At the start of the Civil War in 1861, Fort Independence was garrisoned by the Fourth Battalion Massachusetts Volunteer Militia. The battalion set the fort in order and were trained in infantry and artillery drill, eventually forming the nucleus of the 24th Regiment Massachusetts Volunteer Infantry. At least two other infantry regiments were trained at Fort Independence during the Civil War—the 11th Massachusetts and the 13th Massachusetts.
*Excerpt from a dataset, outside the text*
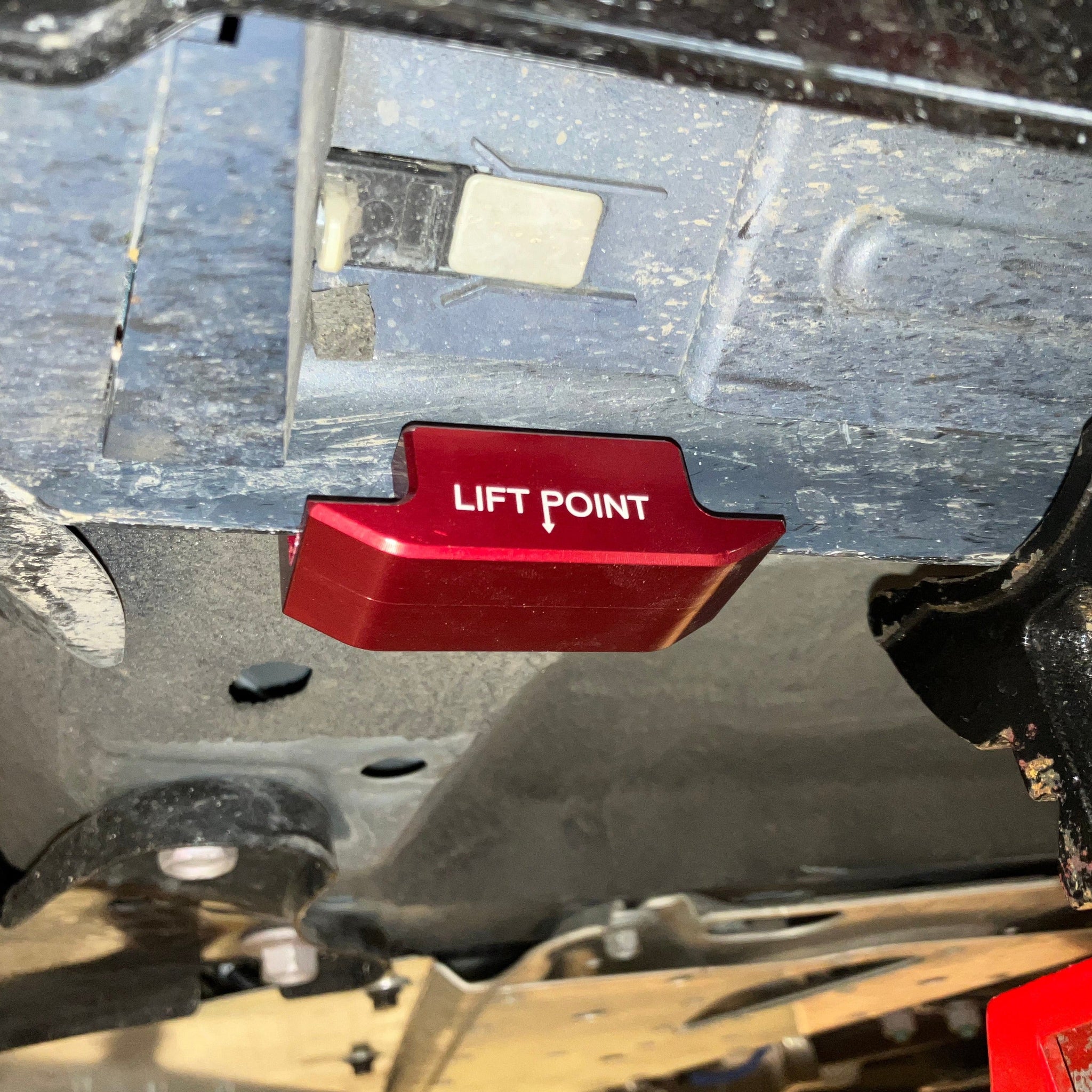 The original bolt-on lift points made in the USA for the 2016-2024 Miata MX-5. Machined from American billet aluminum and designed to be left on the car. The stealth design also incorporates weight savings and a custom design.  These are angled so as not to bend the pinch weld as the car is lifted by a floor jack or lift.

Following the Civil War, Fort Independence gradually fell out of use, as its importance was reduced by the larger Fort Warren which had also been constructed under the direction of Sylvanus Thayer. In the 1880s, landscape architect Frederick Law Olmsted designed a series of parkways and parks in Boston known as the Emerald Necklace. Olmsted had originally envisioned a parkway to be known as the Dorchesterway that would connect Castle Island (via a new earthen causeway) to the rest of the Emerald Necklace. The Dorchesterway was never realized, although Boston did undertake a large-scale project in the 1890s to create a park-like environment around Fort Independence. In 1890, the Federal government ceded Castle Island (excluding the fort) to the Commonwealth of Massachusetts. The city of Boston commenced filling the marshes separating Castle Island from South Boston in 1890 with the intention of creating green space and promenades. The process was finished in the 1920s and Castle Island ceased to be an island. The Federal government ceded the fort to the city of Boston in 1908.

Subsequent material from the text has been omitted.